TASK DIRECTIONS =
Ignoring every picture, return the lines of the listing below word for word, from the line that holds "Half-moon console table, 1950s." through the line that holds "Checking output signals".

EXTRACTED RECORDS =

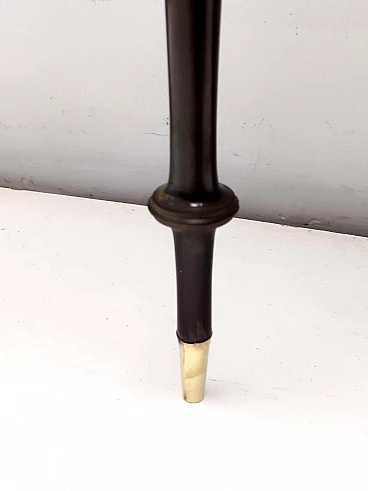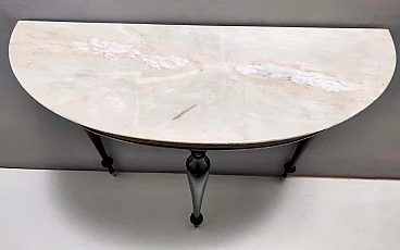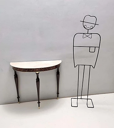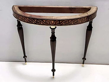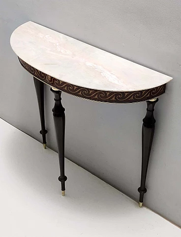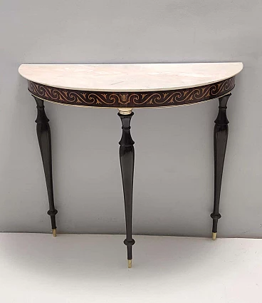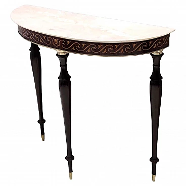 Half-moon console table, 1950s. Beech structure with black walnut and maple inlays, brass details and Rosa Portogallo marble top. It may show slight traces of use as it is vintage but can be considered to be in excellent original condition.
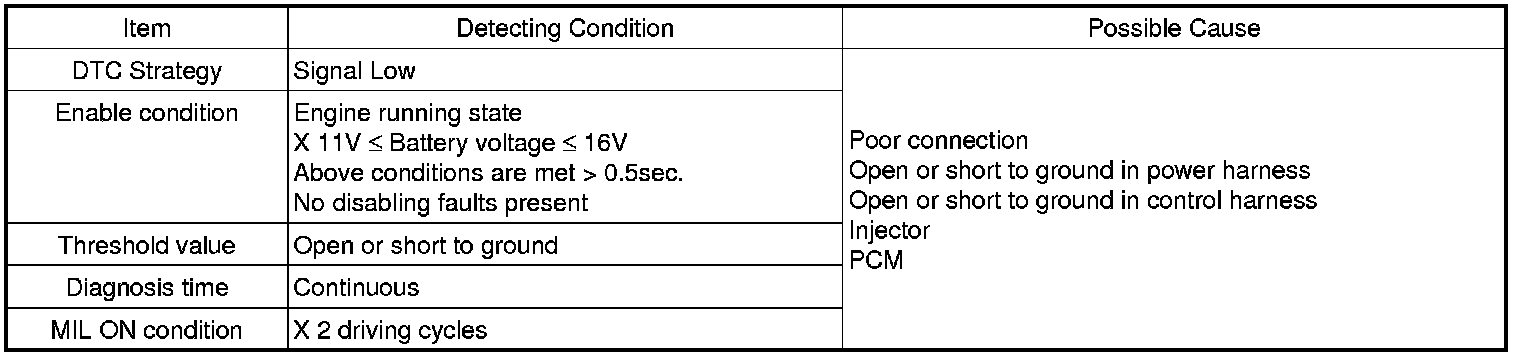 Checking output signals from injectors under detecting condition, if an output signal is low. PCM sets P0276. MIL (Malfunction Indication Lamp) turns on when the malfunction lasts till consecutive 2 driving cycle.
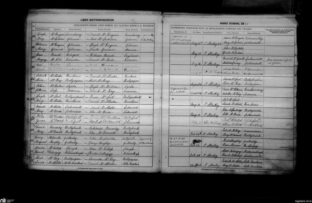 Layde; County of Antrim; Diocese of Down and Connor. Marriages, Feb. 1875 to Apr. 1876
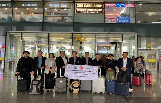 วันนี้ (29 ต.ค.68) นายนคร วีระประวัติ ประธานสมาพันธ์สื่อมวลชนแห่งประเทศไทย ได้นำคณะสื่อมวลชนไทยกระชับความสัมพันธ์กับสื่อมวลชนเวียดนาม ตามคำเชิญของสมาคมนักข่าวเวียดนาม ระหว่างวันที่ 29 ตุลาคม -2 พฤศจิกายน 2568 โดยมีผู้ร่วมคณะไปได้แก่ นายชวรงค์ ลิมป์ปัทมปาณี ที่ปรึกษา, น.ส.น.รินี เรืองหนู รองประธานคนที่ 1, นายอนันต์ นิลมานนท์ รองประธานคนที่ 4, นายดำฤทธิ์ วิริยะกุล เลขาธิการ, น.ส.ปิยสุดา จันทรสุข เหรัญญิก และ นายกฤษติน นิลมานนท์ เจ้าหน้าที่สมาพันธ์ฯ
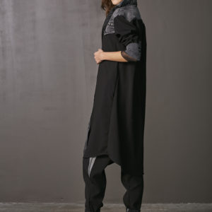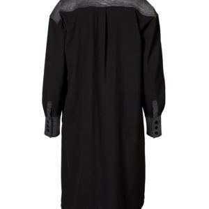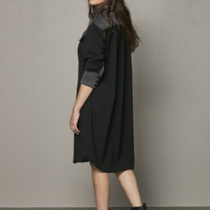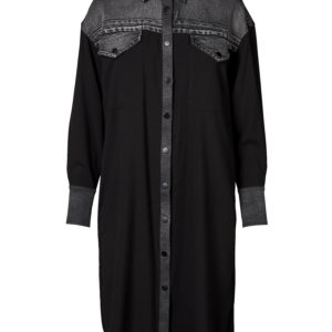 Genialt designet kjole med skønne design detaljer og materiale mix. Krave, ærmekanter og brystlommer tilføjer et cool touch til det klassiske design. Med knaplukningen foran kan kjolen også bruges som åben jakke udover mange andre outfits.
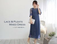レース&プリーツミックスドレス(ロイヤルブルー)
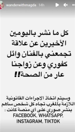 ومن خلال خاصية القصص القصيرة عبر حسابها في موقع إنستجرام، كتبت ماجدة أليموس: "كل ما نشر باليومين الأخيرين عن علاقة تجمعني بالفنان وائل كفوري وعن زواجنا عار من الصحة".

==

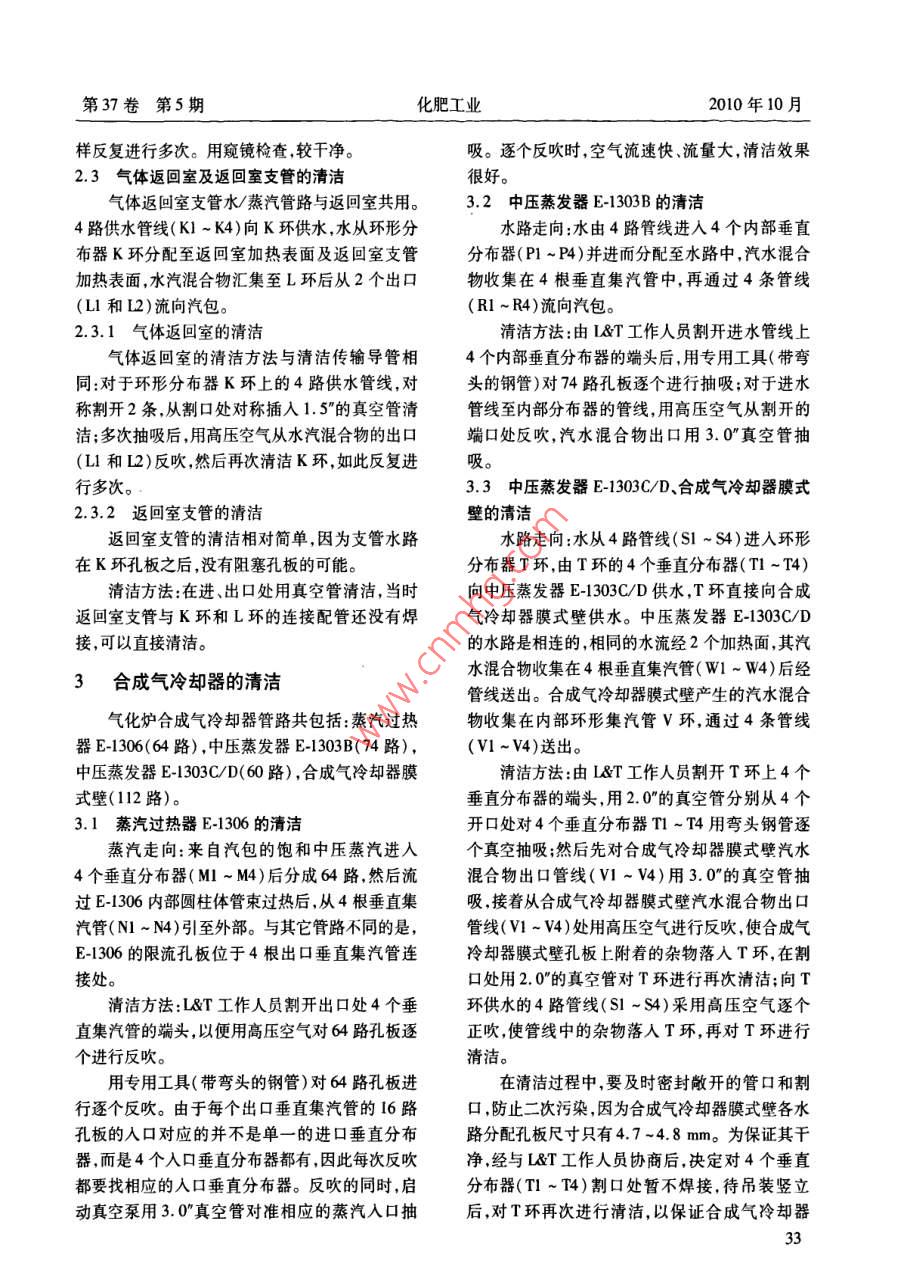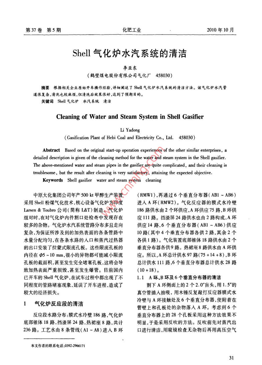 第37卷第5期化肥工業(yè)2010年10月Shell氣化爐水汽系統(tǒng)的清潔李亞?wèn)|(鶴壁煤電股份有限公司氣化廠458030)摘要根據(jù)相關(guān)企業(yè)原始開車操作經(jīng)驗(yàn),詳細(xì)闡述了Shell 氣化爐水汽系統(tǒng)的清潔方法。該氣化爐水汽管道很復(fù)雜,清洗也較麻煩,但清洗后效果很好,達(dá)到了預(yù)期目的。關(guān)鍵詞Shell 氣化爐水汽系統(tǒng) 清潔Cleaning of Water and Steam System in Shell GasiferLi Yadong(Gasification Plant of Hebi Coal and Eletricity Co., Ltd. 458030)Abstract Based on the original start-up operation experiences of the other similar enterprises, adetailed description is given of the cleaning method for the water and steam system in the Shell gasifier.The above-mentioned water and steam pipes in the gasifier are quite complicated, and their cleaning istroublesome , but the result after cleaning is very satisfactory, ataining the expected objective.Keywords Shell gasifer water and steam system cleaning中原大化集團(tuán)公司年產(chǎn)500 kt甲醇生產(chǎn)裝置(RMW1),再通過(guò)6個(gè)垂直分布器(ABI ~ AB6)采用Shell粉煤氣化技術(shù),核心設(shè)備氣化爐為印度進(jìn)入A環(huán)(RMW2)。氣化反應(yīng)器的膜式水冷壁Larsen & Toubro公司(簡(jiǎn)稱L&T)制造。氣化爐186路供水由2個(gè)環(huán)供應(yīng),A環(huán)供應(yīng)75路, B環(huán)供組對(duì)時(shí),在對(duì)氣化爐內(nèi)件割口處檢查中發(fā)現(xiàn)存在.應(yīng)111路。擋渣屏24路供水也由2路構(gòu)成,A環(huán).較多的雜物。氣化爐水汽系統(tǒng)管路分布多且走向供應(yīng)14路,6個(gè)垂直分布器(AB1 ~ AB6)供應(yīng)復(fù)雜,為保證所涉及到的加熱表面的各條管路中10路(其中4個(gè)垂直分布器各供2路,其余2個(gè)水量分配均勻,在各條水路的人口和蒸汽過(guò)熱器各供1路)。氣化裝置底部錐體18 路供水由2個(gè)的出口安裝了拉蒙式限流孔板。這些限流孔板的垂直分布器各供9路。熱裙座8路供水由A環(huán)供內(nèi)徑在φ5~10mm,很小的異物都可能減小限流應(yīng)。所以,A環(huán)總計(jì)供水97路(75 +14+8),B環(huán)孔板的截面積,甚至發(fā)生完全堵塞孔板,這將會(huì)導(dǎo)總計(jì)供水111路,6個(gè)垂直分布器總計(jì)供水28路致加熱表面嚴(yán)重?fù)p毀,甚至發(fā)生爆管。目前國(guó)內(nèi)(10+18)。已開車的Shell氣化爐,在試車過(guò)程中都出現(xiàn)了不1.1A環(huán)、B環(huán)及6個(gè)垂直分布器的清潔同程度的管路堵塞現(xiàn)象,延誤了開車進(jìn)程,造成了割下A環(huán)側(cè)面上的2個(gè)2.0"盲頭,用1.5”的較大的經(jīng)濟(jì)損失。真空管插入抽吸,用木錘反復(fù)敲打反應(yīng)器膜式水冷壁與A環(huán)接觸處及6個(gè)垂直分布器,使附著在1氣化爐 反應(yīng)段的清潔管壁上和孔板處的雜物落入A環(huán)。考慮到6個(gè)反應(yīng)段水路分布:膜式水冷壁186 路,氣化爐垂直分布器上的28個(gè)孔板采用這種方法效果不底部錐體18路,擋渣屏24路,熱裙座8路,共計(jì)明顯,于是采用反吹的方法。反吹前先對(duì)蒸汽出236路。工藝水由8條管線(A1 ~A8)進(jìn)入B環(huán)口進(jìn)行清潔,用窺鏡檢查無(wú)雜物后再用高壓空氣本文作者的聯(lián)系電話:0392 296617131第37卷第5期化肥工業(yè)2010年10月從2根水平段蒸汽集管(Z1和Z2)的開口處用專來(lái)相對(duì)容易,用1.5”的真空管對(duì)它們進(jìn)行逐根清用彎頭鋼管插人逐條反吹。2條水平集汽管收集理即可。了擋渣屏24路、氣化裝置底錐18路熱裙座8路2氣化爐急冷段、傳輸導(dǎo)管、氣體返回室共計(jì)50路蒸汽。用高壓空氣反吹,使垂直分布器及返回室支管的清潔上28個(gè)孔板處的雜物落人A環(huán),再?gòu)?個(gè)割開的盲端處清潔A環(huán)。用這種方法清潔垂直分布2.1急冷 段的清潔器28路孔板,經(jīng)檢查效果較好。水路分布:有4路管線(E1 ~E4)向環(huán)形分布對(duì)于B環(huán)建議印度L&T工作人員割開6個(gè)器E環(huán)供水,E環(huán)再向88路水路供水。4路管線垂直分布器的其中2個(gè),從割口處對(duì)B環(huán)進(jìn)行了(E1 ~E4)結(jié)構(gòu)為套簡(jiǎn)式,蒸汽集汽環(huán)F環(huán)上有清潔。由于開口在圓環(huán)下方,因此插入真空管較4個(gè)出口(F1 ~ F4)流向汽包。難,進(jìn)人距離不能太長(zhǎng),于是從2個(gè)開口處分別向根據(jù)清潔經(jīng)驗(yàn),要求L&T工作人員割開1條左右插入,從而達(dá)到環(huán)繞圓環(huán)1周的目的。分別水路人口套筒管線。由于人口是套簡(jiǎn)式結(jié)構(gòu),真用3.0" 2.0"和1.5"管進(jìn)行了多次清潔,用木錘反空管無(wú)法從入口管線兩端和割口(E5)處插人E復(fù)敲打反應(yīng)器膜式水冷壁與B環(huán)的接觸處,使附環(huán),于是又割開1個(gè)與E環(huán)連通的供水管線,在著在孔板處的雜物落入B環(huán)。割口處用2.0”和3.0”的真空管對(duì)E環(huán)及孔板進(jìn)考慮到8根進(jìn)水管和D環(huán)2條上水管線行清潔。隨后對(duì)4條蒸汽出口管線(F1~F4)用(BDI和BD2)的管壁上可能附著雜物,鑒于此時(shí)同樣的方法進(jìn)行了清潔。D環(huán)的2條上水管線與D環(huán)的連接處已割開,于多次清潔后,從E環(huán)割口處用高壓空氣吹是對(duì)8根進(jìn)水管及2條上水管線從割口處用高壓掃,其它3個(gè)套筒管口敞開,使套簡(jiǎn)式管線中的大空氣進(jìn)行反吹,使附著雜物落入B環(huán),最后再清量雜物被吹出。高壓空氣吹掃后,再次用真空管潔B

EXERCISE OUTPUT =
 Half-moon console table, 1950s. Beech structure with black walnut and maple inlays, brass details and Rosa Portogallo marble top. It may show slight traces of use as it is vintage but can be considered to be in excellent original condition.
 Checking output signals from injectors under detecting condition, if an output signal is low. PCM sets P0276. MIL (Malfunction Indication Lamp) turns on when the malfunction lasts till consecutive 2 driving cycle.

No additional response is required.